Paula confessò di essere stata lei a colpire la vecchina dai capelli azzurrini, soltanto lei, e di averlo fatto per rapina. Dalla casa dell’insegnante di religione, le quattro ragazzine avevano portato via poche carabattole, cornicette d’argento, qualche spilla di bigiotteria e un totale in contanti di dollari 10.
Il magistrato della pubblica accusa non dovette faticare molto per convincere la giuria della sua colpevolezza. Nè il giudice, James C. Kimbrough dovette fare altro che guardare il codice penale dell’Indiana per scoprire che in quello Stato la legge permetteva la condanna a morte e l’esecuzione di chi avesse compiuto dieci anni.

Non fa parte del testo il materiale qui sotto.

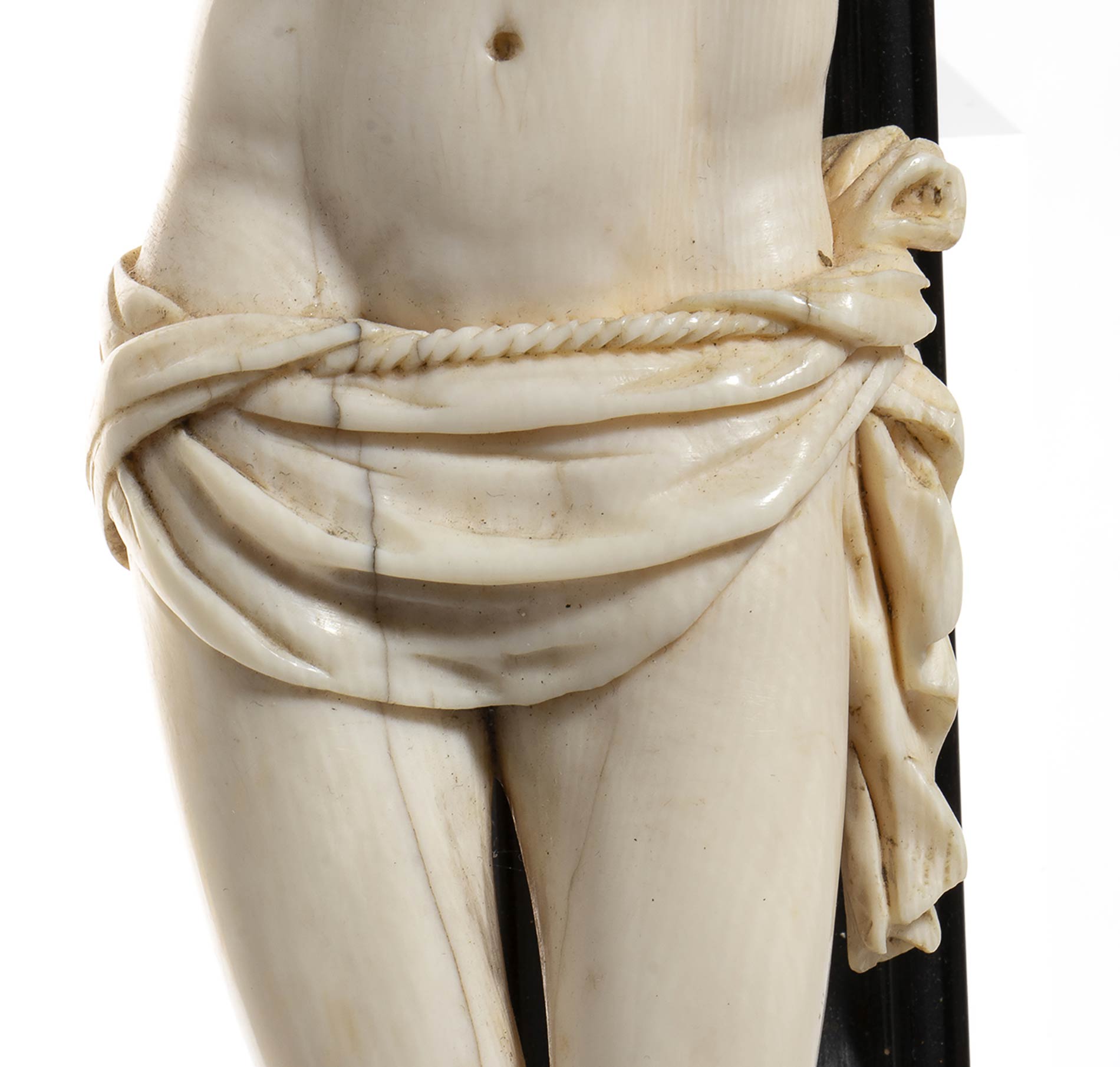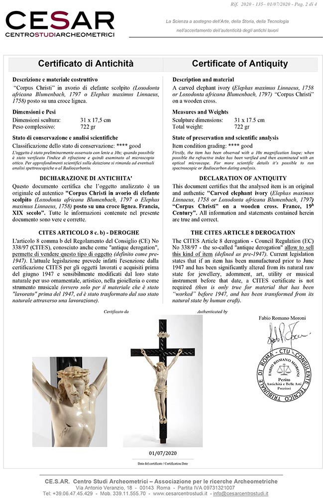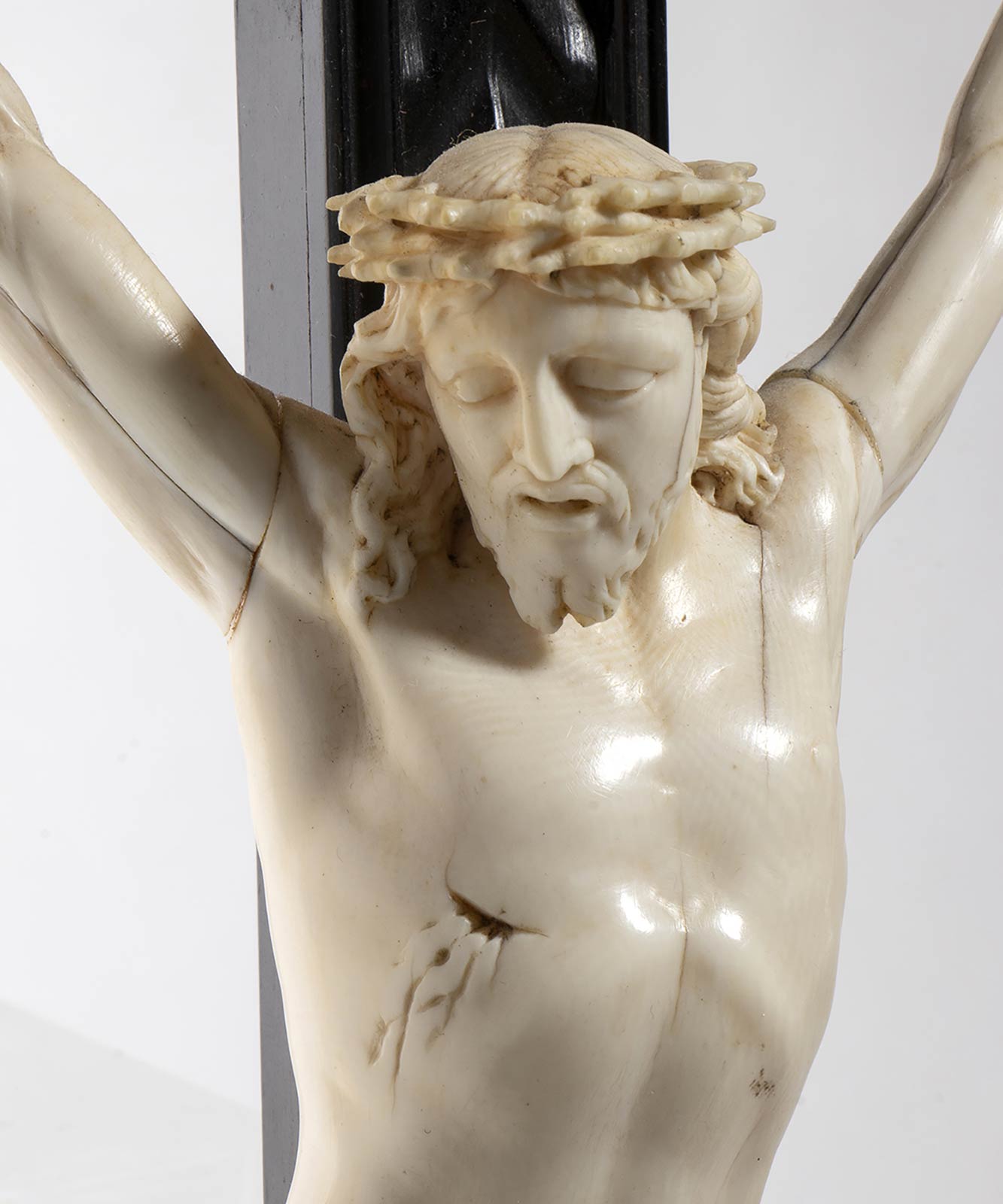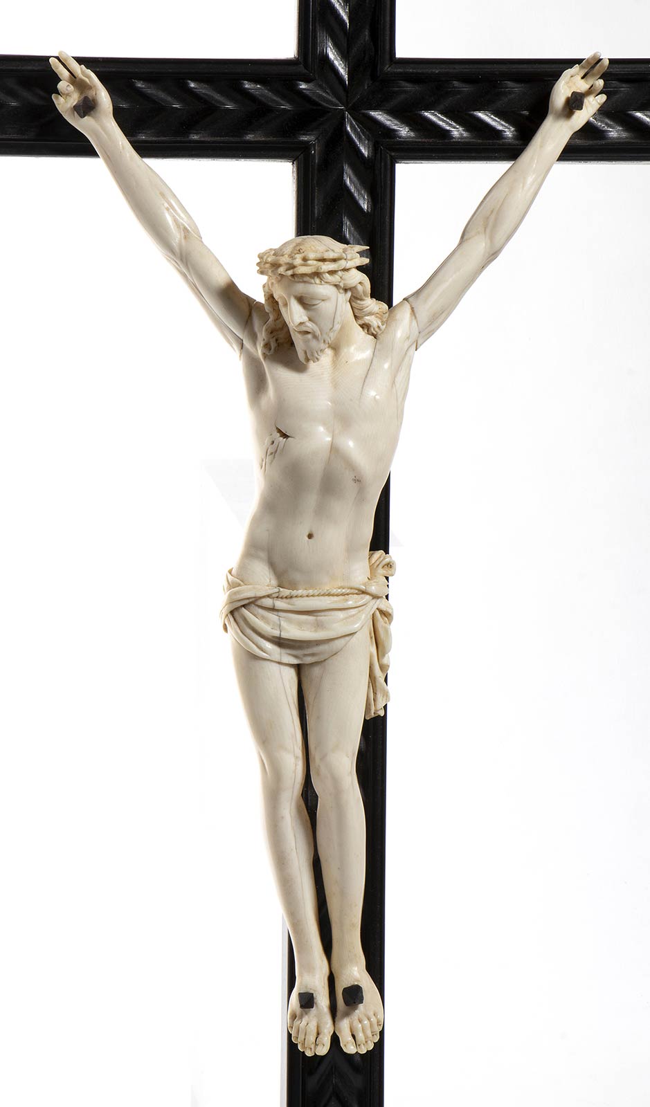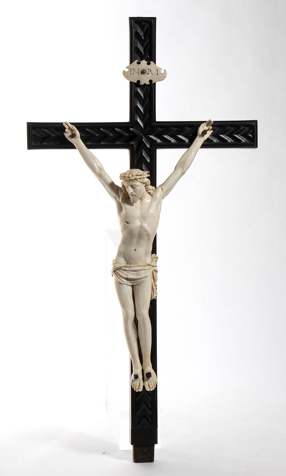 in avorio di elefante (Loxodonta africana Blumenbach, 1797 o Elephas maximus Linnaeus, 1758) con croce lignea. Dimensioni 31 x 17,5 cm. Peso totale 722 gr. Stato di conservazione: **** buono. Certificato di Antichità Ce.S.Ar. (pre-1947).

Con i suoi quindici, Paula era ben oltre la soglia.
E invece fu proprio lei, con quella condanna a morte giudiziariamente inappellabile e umanamente insopportabile, a costringere uno Stato, una nazione, la magistratura ai massimi livelli a guardare negli occhi una legislazione che permetteva di mettere a morte bambini e poco più che bambini.
Non furono neppure la mobilitazione prevedibile delle organizzazioni contro la pena capitale, poi l’interessamento di Papa Wojtyla, attraverso un sacerdote italiano di Campobasso, don Vito Bracone, che scrisse al governatore dell’Indiana a smuovere e commuovere. In molte altre occasioni, come nella vicenda di Joe O’Donnel in Virginia, il Vaticano sarebbe intervenuto senza successo per chiedere clemenza.

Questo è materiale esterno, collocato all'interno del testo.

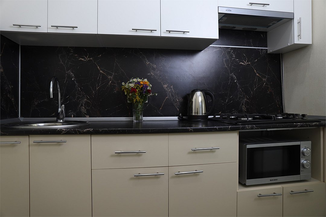 Комфортные двухкомнатные апартаменты оснащены всем необходимым для комфортного проживания. Кухня, холодильник, микроволновая печь, посуда, душ, стиральная машина, фен, телевизор, интернет.Услуги и удобства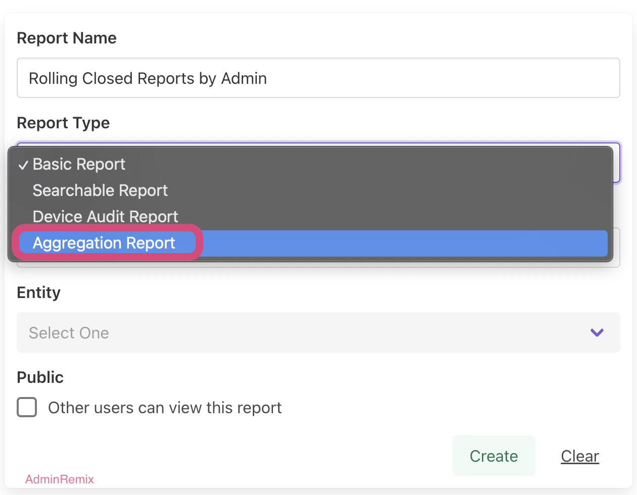 I selected Aggregation Report to help those who would like to do Rolling Reports.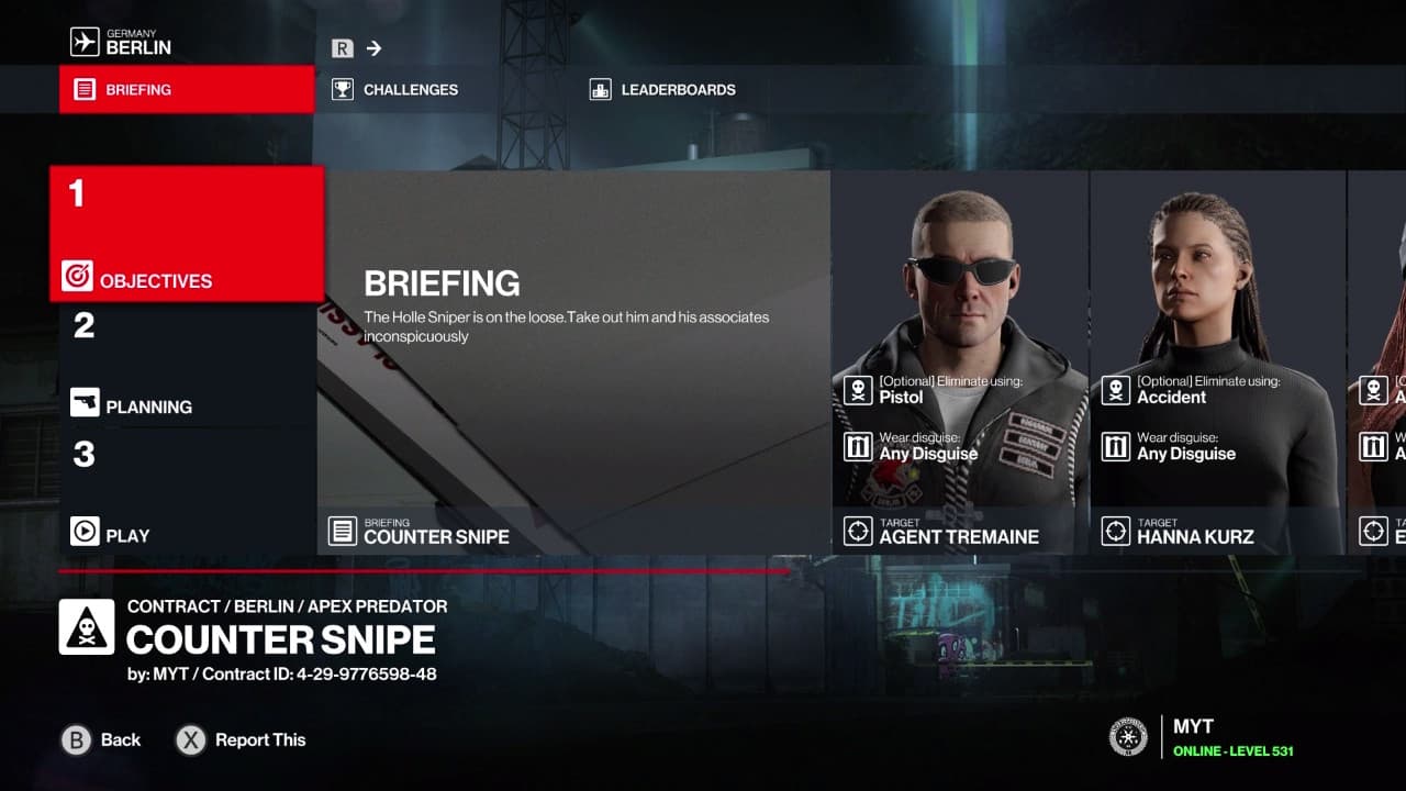 This contract is a combination of Bartoli Hunter and Disguise Hunter which greatly challenge your knowledge of Berlin map. I think it is fair contract because all required item is on the map without any special weapon or tools except you choose to bring some your self. Furthermore, the targets is quite close to the required weapons and disguises will ease the tension of treasure hunt. The targets also close to crates, dumpsters and river which help to clear up the mess since all the weapon used is non-silenced one.

Contribuì molto anche il comportamento di Paula in carcere.
Ieri, quando è uscita dalla prigione di Rockville, in Indiana, la sua scheda personale aveva annotato 23 violazioni minori dei regolamenti in un quarto di secolo dietro le sbarre. Sono molti i casi di criminali violenti, di serial killer, di detenuti in attesa del boia che scoprono vocazioni religiose, che si trasformano in consiglieri e guide spirituali per i più giovani, senza convincere giudici e governatori a commutare la pena. Paula Cooper non aveva neppure mai chiesto nulla, dopo la confessione, che non ritrattò mai, e la condanna. «Il carcere serve a riabilitare soltanto coloro che si vogliono riabilitare » disse in un’intervista alla network CBS.

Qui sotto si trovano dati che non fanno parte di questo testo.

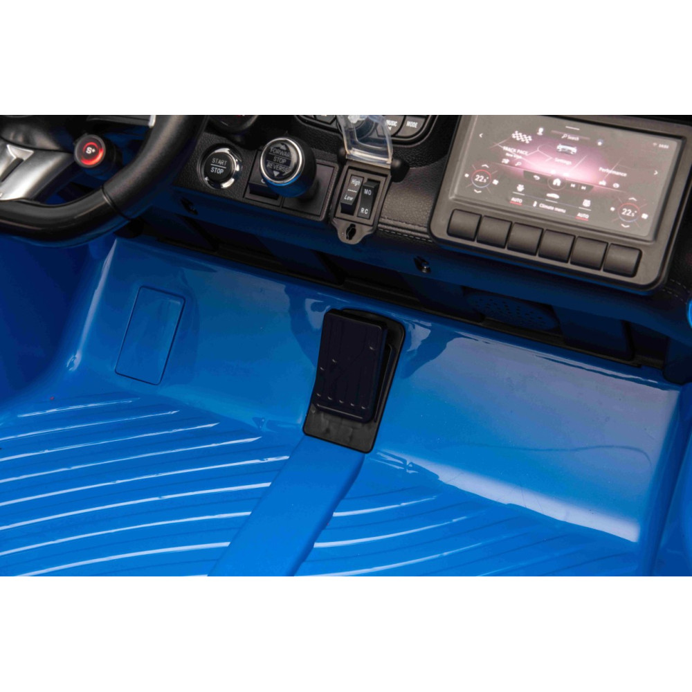 Audio Diaľkové ovládanie | USB, MP3, BLUETOOTH, predinštalované melódie, tlačidlá zvuku a klaksónu na volante, Nový typ panela MP4 s režimom SPORT (vozidlo vydáva zvuky pri stlačení plynového pedálu) 2,4 GHz, 3 rýchlosti, bezpečnostné tlačidlo STOP |

I nipoti della insegnante coi capelli turchini l’avevano pubblicamente perdonata.
Fu la Corte Suprema dell’Indiana a smuovere il macigno della legge. Per l’intervento di Amnesty International, che aveva portato il caso di Paula davanti a quella magistratura, mentre volavano le due milioni di firme di cittadini italiani raccolte da don Bracone, la Corte sentenziò nel 1989 che Paula Cooper non poteva essere messa a morte e la sua condanna doveva essere tramutata in 60 anni di carcere.
Sarebbero trascorsi altri sedici anni, fino al 2005, per arrivare a una sentenza della Corte Suprema degli Stati Uniti, dunque valida per tutti gli Stati, che vieta l’esecuzione di chi abbia commesso il reato prima della maggiore età, i 18anni.
E’ uscita per buona condotta, con i 75 dollari d’ordinanza previsti dalla legge e abiti regalati di seconda mano, perchè quelli che indossava a 16 anni non vestono più una donna di 43. Paula si è laureata studiando in carcere, con un titolo quadriennale in discipline umanistiche e una sotto-specializzazione in psicologia. Una foto la mostra raggiante, con la toga nera sulle spalle e il tocco in testa mentre riceve la laurea. Gliela porge, mentre le stringe la mano nella cerimonia, la preside della facoltà di studi umanistici, un’anziana insegnante molto più piccola di lei, con i capelli lievemente azzurri e con le spalle graciline sotto la toga. Forse le vecchie insegnanti sono come i vecchi soldati. Non muoiono davvero mai, fino a quando ci saranno studenti e scolari.